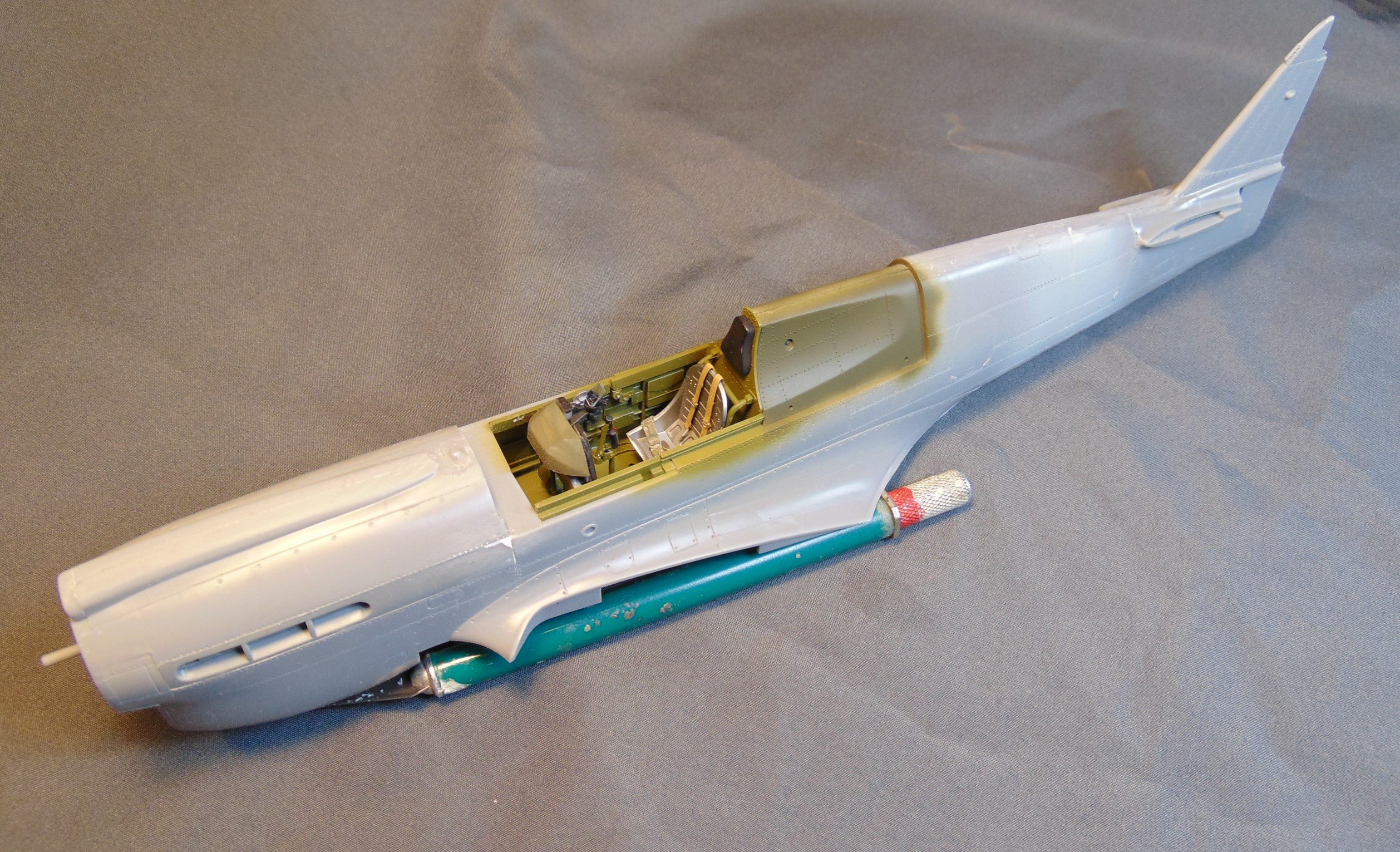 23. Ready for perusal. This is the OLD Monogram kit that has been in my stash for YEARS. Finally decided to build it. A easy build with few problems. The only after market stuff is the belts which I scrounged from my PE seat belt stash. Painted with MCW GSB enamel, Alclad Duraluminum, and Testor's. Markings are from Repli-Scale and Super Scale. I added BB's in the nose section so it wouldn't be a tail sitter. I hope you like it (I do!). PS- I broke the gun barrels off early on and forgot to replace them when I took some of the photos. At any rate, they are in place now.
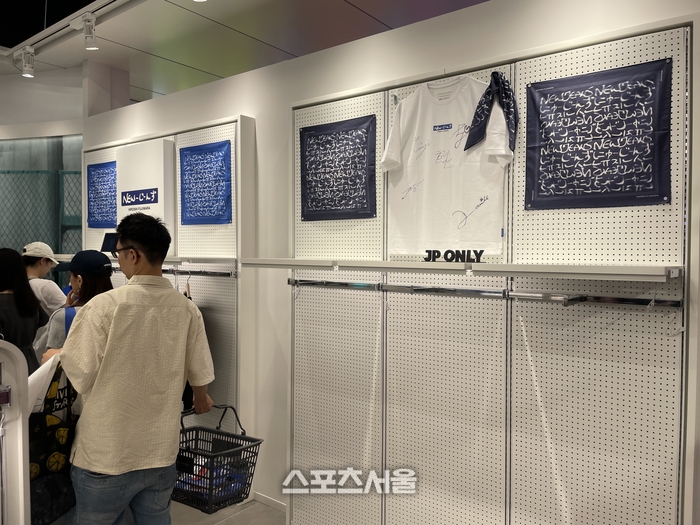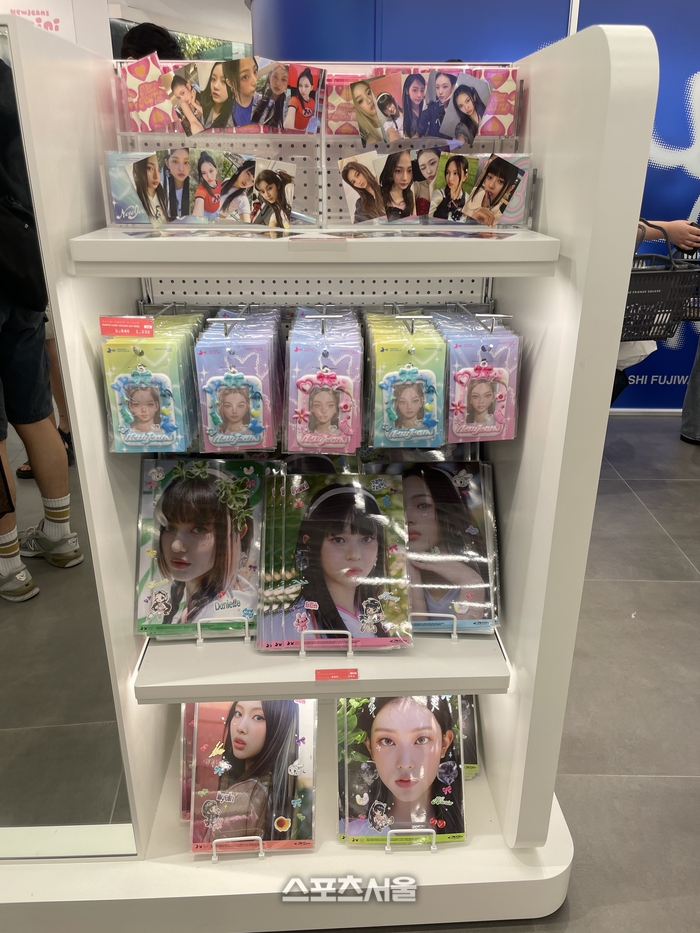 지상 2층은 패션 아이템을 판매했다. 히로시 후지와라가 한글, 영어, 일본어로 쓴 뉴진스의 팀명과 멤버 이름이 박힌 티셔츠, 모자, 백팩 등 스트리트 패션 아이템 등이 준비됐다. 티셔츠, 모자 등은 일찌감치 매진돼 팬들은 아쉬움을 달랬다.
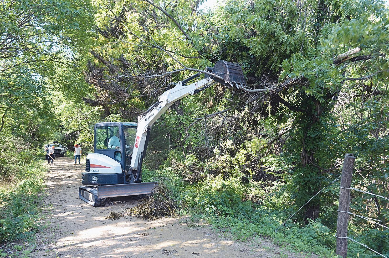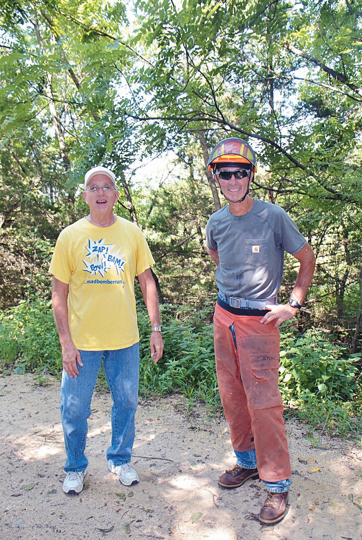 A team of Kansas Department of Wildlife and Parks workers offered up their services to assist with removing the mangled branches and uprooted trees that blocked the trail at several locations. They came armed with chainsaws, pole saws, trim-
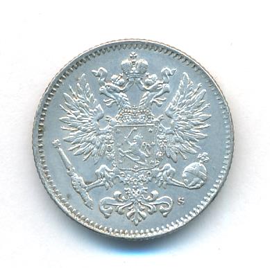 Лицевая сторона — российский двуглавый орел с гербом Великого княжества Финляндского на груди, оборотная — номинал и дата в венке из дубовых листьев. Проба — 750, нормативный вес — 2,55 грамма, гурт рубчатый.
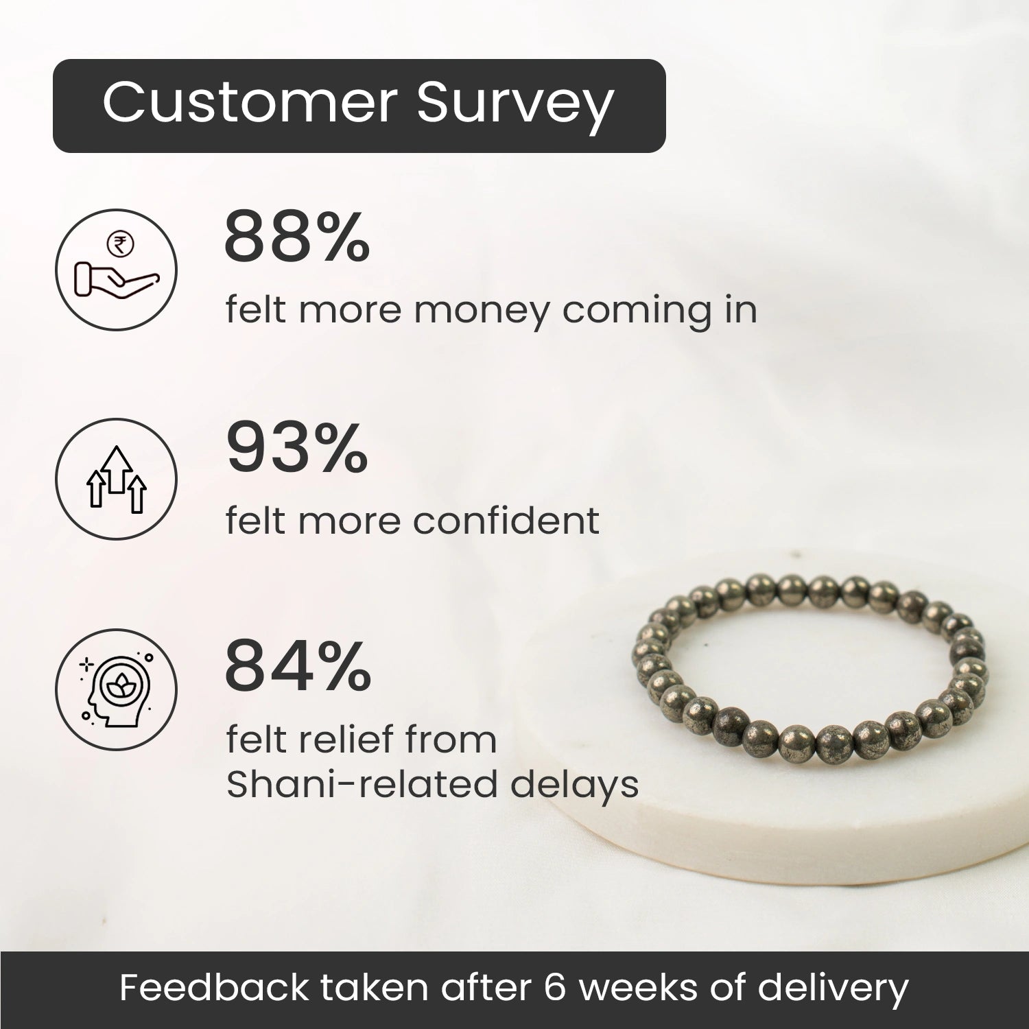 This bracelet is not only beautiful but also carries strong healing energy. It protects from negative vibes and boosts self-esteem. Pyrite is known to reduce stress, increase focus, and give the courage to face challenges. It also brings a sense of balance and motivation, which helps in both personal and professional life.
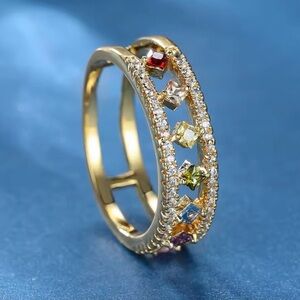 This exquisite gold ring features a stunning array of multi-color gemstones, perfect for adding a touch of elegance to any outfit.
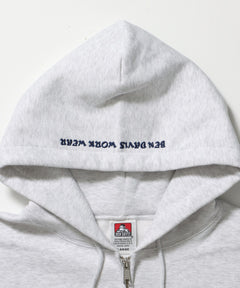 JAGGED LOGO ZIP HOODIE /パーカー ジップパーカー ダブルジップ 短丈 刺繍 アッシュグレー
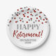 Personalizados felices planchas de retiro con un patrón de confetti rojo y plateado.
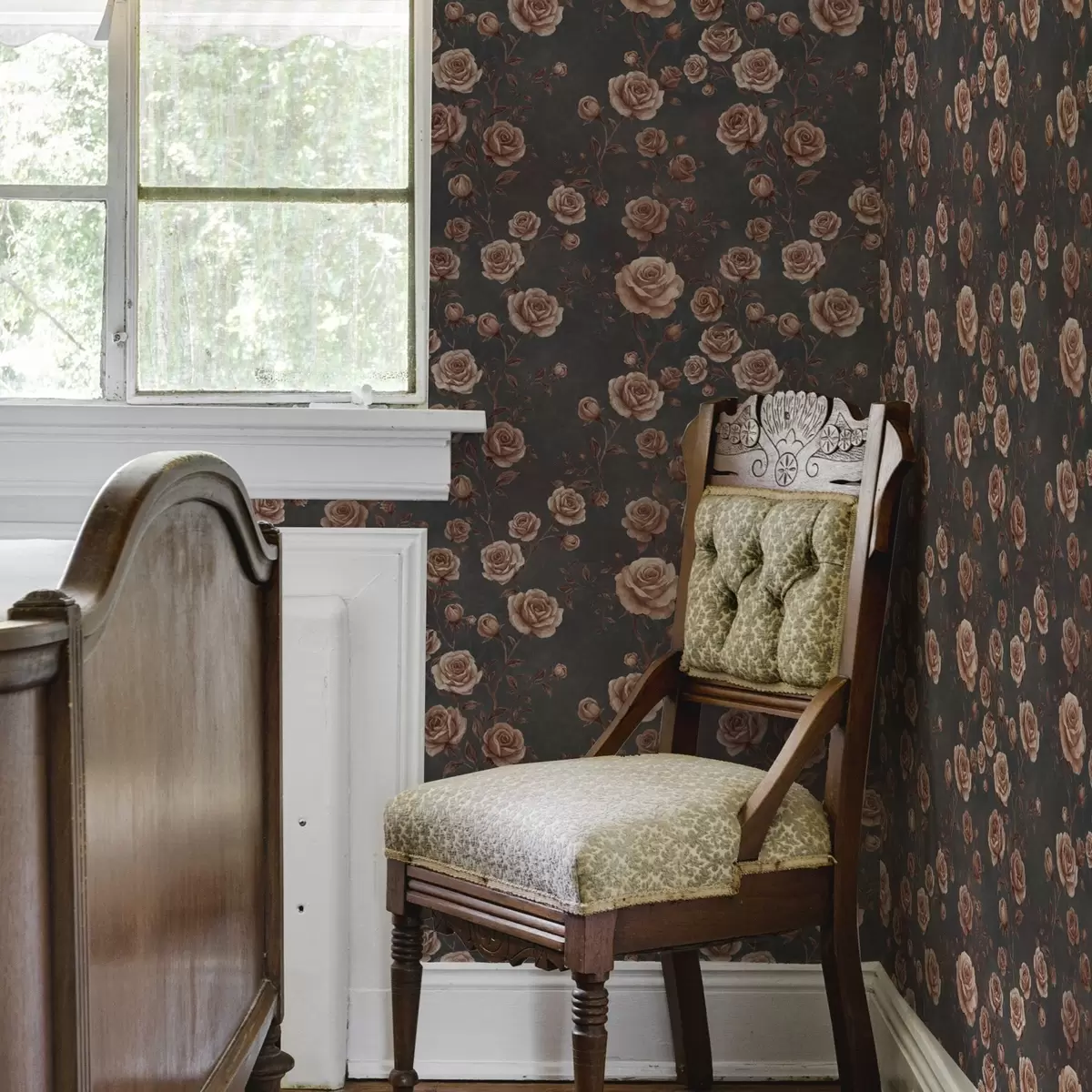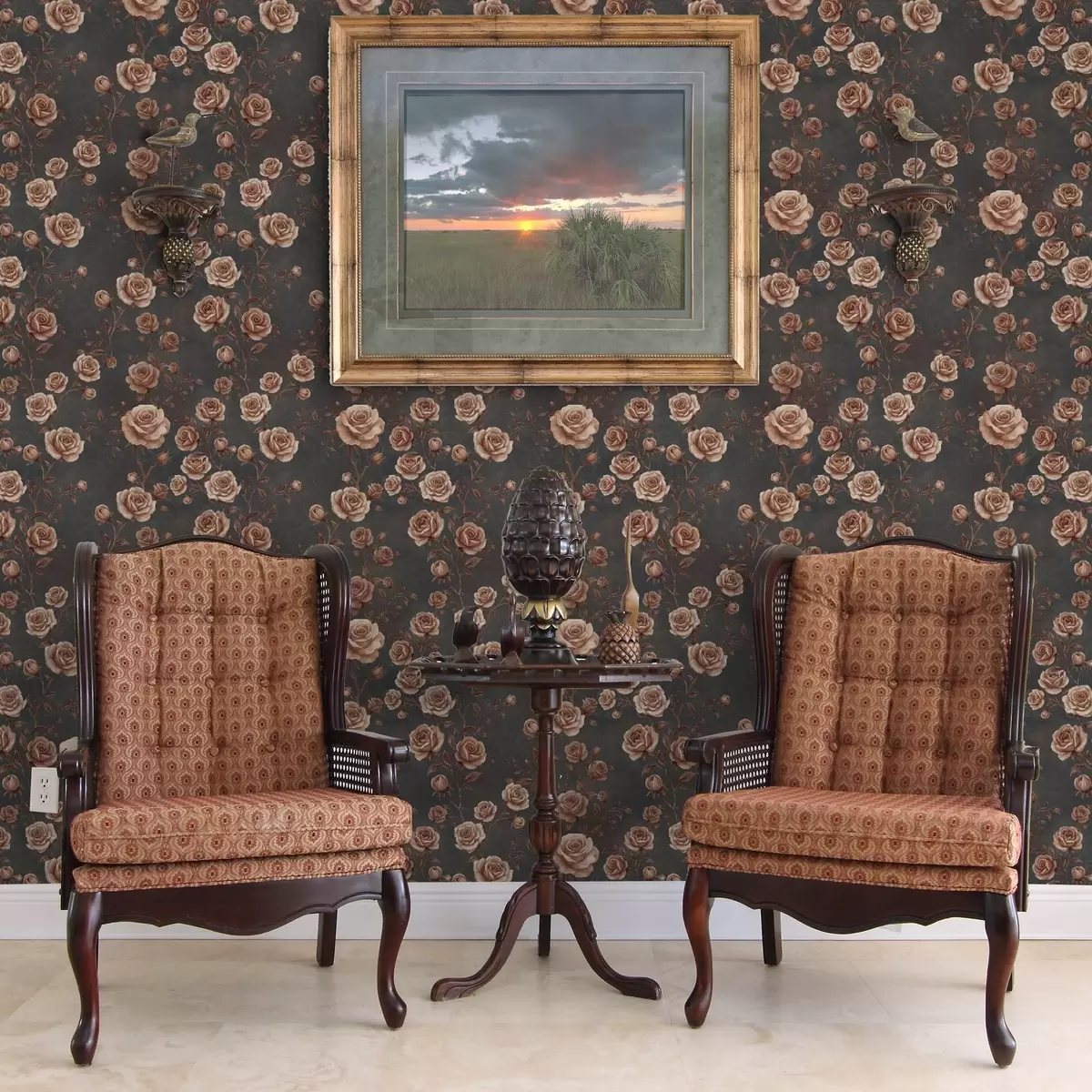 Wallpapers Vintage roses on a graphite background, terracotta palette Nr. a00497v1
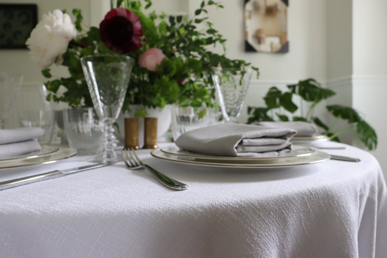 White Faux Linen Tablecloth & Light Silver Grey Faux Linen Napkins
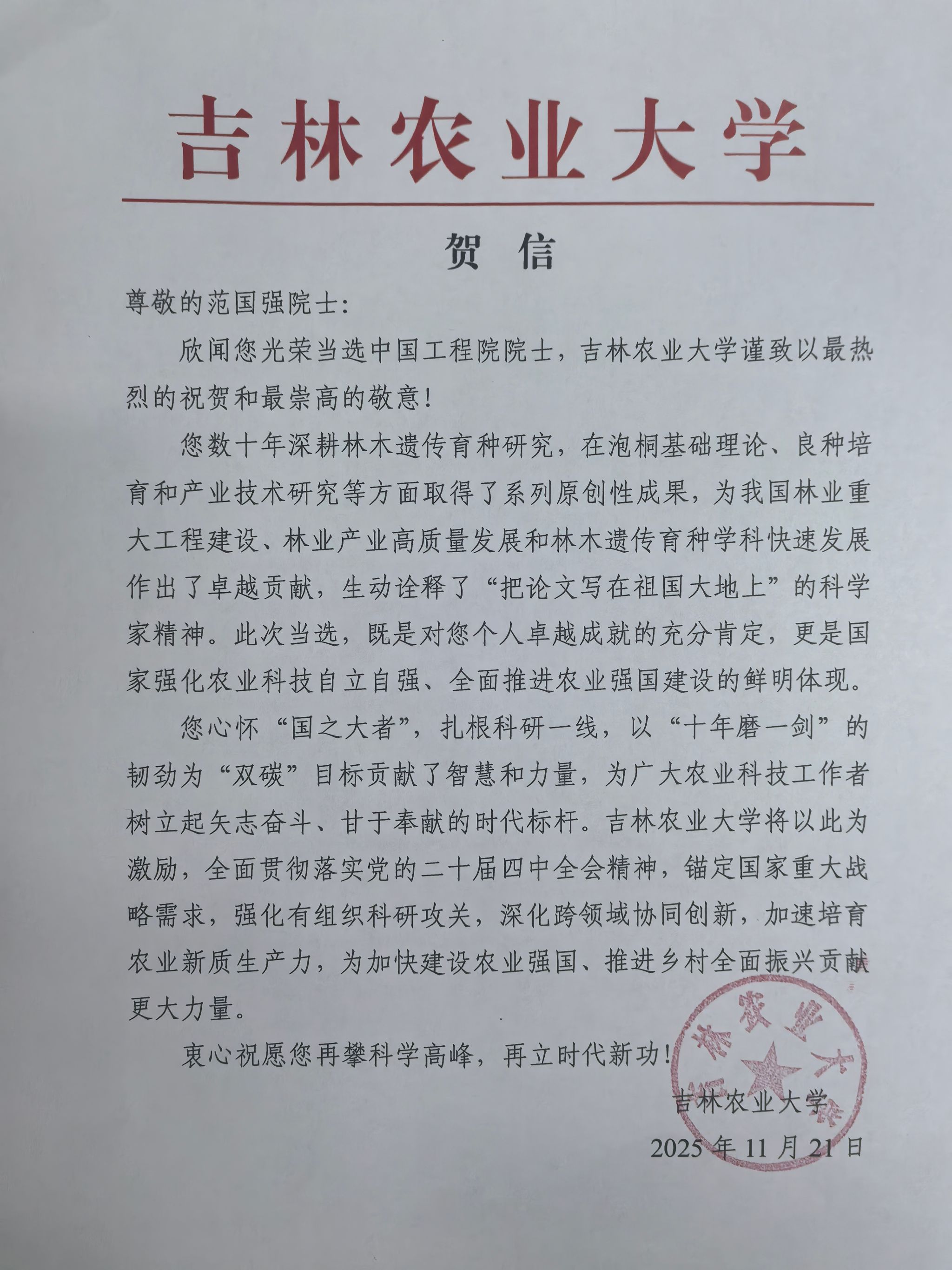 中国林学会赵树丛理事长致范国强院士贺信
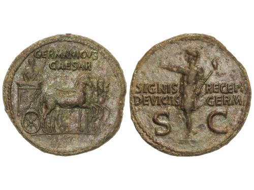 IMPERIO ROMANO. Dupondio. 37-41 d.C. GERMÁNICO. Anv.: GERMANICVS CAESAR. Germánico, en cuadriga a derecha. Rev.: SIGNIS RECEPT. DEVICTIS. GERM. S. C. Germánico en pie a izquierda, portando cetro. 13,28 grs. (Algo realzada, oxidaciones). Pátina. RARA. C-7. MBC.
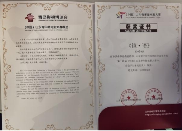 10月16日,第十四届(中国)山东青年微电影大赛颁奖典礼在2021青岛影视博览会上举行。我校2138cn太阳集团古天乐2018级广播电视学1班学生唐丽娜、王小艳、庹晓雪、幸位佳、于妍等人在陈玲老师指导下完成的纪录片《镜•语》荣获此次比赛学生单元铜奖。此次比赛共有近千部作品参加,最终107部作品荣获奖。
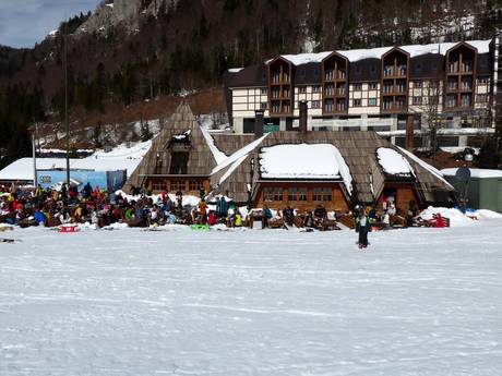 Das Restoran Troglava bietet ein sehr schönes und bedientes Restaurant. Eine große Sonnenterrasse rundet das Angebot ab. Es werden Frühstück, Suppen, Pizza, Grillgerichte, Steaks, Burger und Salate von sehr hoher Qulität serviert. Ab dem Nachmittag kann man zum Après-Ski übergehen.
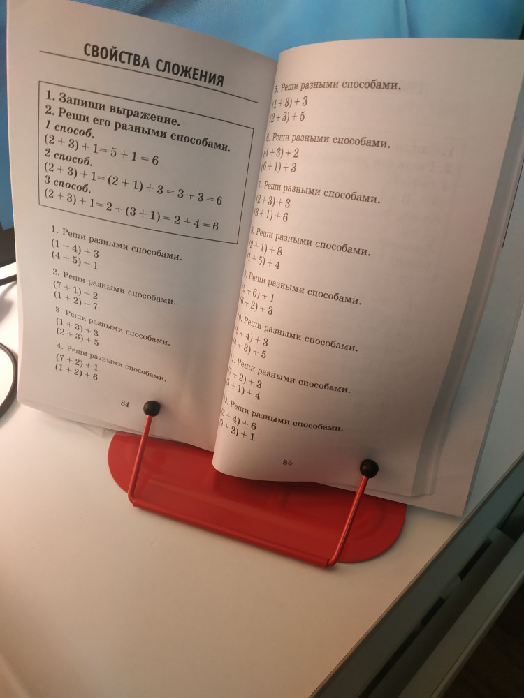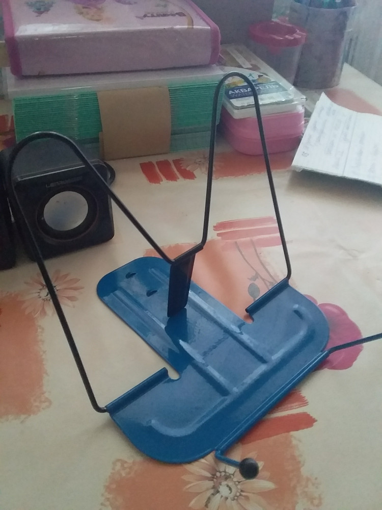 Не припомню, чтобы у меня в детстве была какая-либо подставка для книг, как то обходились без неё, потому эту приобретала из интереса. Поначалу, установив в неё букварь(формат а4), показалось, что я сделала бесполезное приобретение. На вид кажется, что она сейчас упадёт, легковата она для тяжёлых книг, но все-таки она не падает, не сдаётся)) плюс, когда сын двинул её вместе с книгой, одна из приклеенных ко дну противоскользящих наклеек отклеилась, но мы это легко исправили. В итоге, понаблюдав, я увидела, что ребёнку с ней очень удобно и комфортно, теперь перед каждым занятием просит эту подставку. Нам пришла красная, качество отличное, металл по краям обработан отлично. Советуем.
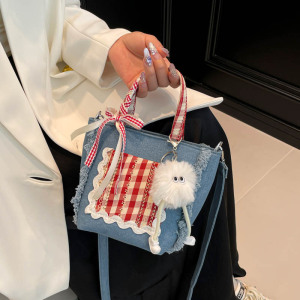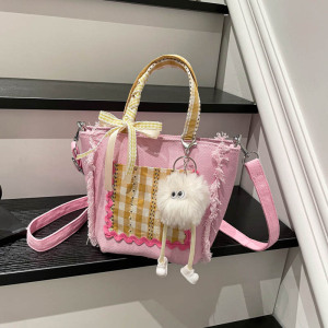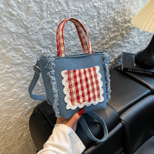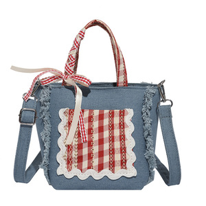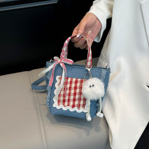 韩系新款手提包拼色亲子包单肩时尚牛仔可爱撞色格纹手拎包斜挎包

-=-=-=-=-

(Your goal): Please give back an exact copy of the entries above from their first line through the line containing "JAGGED LOGO ZIP", leaving the pictures aside.

(Response to this exercise):
 23. Ready for perusal. This is the OLD Monogram kit that has been in my stash for YEARS. Finally decided to build it. A easy build with few problems. The only after market stuff is the belts which I scrounged from my PE seat belt stash. Painted with MCW GSB enamel, Alclad Duraluminum, and Testor's. Markings are from Repli-Scale and Super Scale. I added BB's in the nose section so it wouldn't be a tail sitter. I hope you like it (I do!). PS- I broke the gun barrels off early on and forgot to replace them when I took some of the photos. At any rate, they are in place now.
 지상 2층은 패션 아이템을 판매했다. 히로시 후지와라가 한글, 영어, 일본어로 쓴 뉴진스의 팀명과 멤버 이름이 박힌 티셔츠, 모자, 백팩 등 스트리트 패션 아이템 등이 준비됐다. 티셔츠, 모자 등은 일찌감치 매진돼 팬들은 아쉬움을 달랬다.
 A team of Kansas Department of Wildlife and Parks workers offered up their services to assist with removing the mangled branches and uprooted trees that blocked the trail at several locations. They came armed with chainsaws, pole saws, trim-
 Лицевая сторона — российский двуглавый орел с гербом Великого княжества Финляндского на груди, оборотная — номинал и дата в венке из дубовых листьев. Проба — 750, нормативный вес — 2,55 грамма, гурт рубчатый.
 This bracelet is not only beautiful but also carries strong healing energy. It protects from negative vibes and boosts self-esteem. Pyrite is known to reduce stress, increase focus, and give the courage to face challenges. It also brings a sense of balance and motivation, which helps in both personal and professional life.
 This exquisite gold ring features a stunning array of multi-color gemstones, perfect for adding a touch of elegance to any outfit.
 JAGGED LOGO ZIP HOODIE /パーカー ジップパーカー ダブルジップ 短丈 刺繍 アッシュグレー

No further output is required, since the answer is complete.